Senate Democratic Leader Anthony Hensley of Topeka called Brownback’s proposal “Robin Hood in reverse.”
Hensley said of Brownback, “He is stealing from the poor and giving to the rich.”
Brownback says plan is pro-growth
Brownback, a Republican, has proposed decreasing state income tax rates, eliminating the state income tax for thousands of businesses, doing away with numerous tax credits and deductions, and keeping the state sales tax at 6.3 cents per dollar, which under current law is supposed to drop to 5.7 cents per dollar in 2013.
Brownback has said his proposal will lure businesses to Kansas and spur economic development. He said his intent is to eventually phase out the state income tax.
“I firmly believe these reforms will set the stage for strong economic growth in Kansas – and will put more money into the pockets of Kansas families and businesses,” Brownback said in his State of the State address.
“Growth that will allow us to further reduce tax rates and increase our competitiveness. Growth that will see people move to Kansas instead of leaving our state,” he said.
More numbers emerging
As a group, low-income families would see an astronomical tax increase, according to Kansas Department of Revenue figures released by legislators.
The amount of individual income tax revenue would decrease by 12 percent overall, but it would affect different groups of taxpayers differently.
Those Revenue Department figures show there were 564,328 Kansas tax filers with adjusted gross incomes of $25,000 or less in the 2009 tax year. Currently, that group receives a total refund of $1.7 million. Under Brownback’s plan, that group would have a total tax liability of $86.5 million. That is more than a 5,000 percent increase in tax liability and averages $156 more per filer.

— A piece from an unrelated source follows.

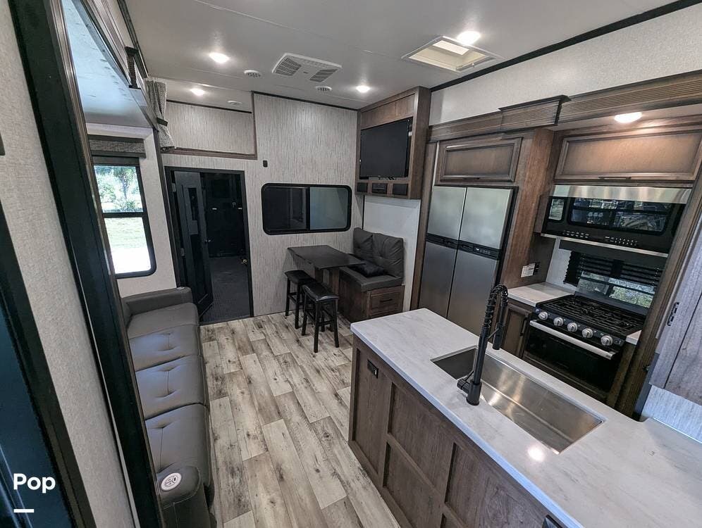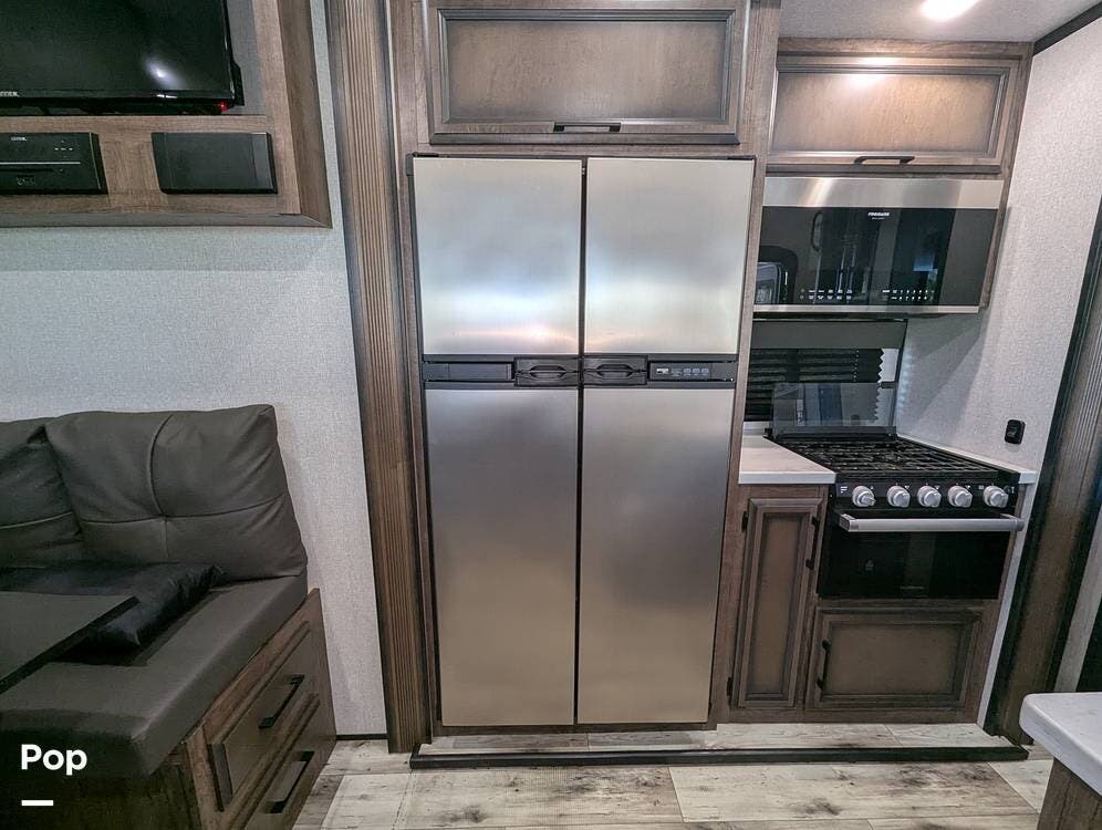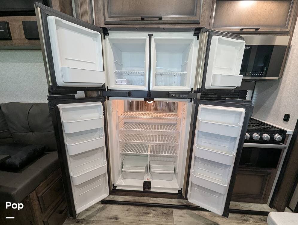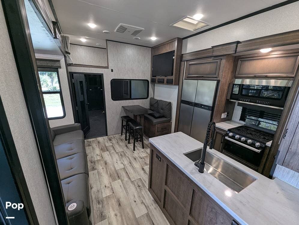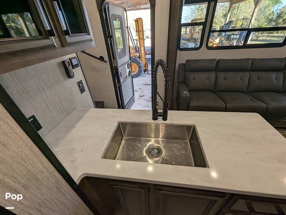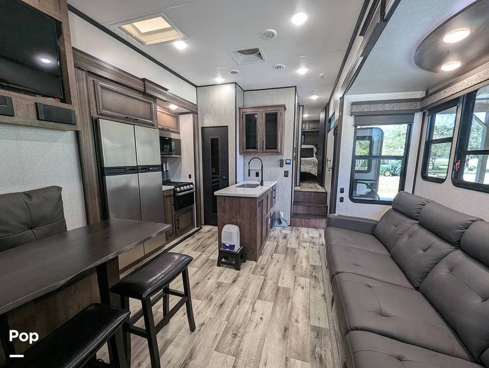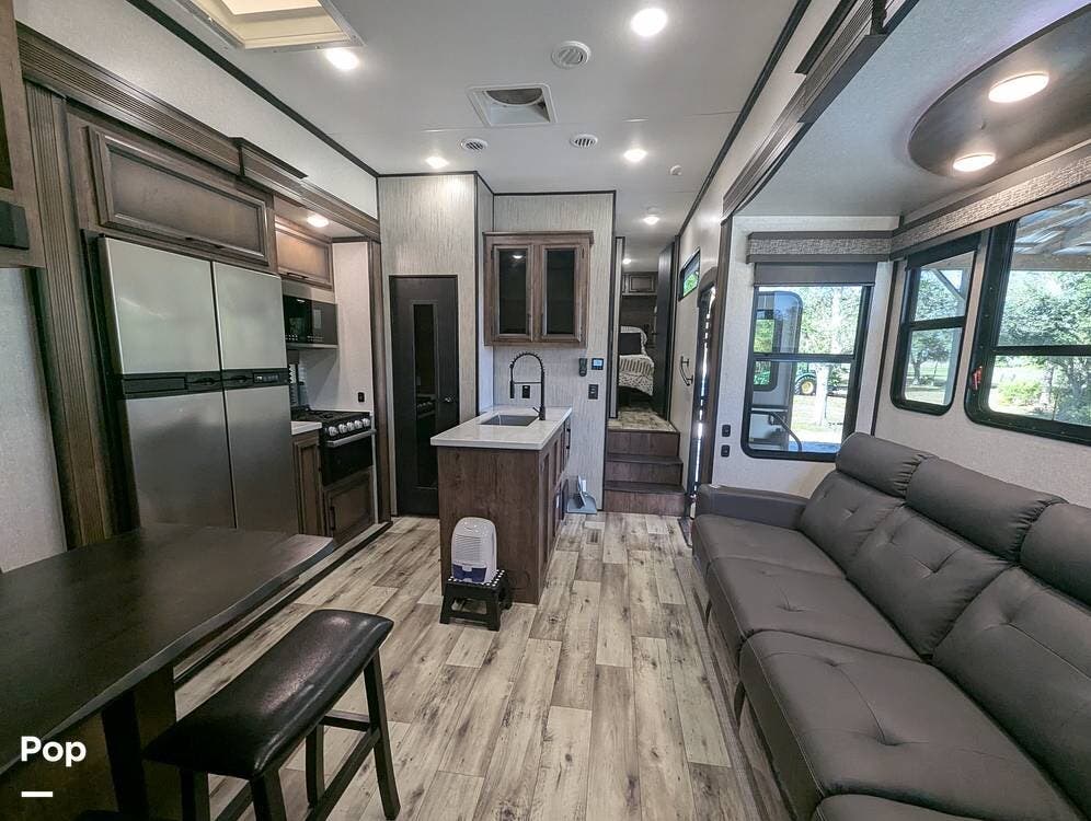 This 2022 Venom has a King-size adjustable bed with lots of storage, a washer and dryer hook-up. The bathroom has a nice-sized shower.

Meanwhile, there are 21,158 Kansas tax filers with adjusted gross incomes of $250,000 or more. Under Brownback’s plan, they would pay an average of $5,239 less in taxes, and as a group $110.8 million less than now, which is a 18.5 percent tax cut.
Kansas Democratic Party Chairwoman Joan Wagnon, who also served as the state’s chief tax official for eight years, said Brownback has picked banks and wealthy corporations over people.
“This isn’t even remotely fair, and it drains funding from education,” Wagnon said.
Under Brownback’s plan, individual Kansans will lose $180 million in tax credits, while banks and wealthy corporations would retain nearly all of their credits, said Wagnon, who served as secretary of the Kansas Department of Revenue from 2003 until 2011.
Brownback’s plan would get rid of the home mortgage interest deduction, the charitable contribution deduction, child care and dependent care deductions, the Earned Income Tax Credit, the tax credit for families who adopt children, and the sales tax on food rebate program.
Removing the rebate on sales taxes paid on food will take money from more than 365,000 Kansans, while ending the state portion of the EITC would hurt more than 227,000 working Kansans, Wagnon said.
Brownback has said he planned to take funds saved from junking the EITC and plow them into programs to help the poor.
Hensley said this runs counter to Republican rhetoric “to reward work and not reward welfare.”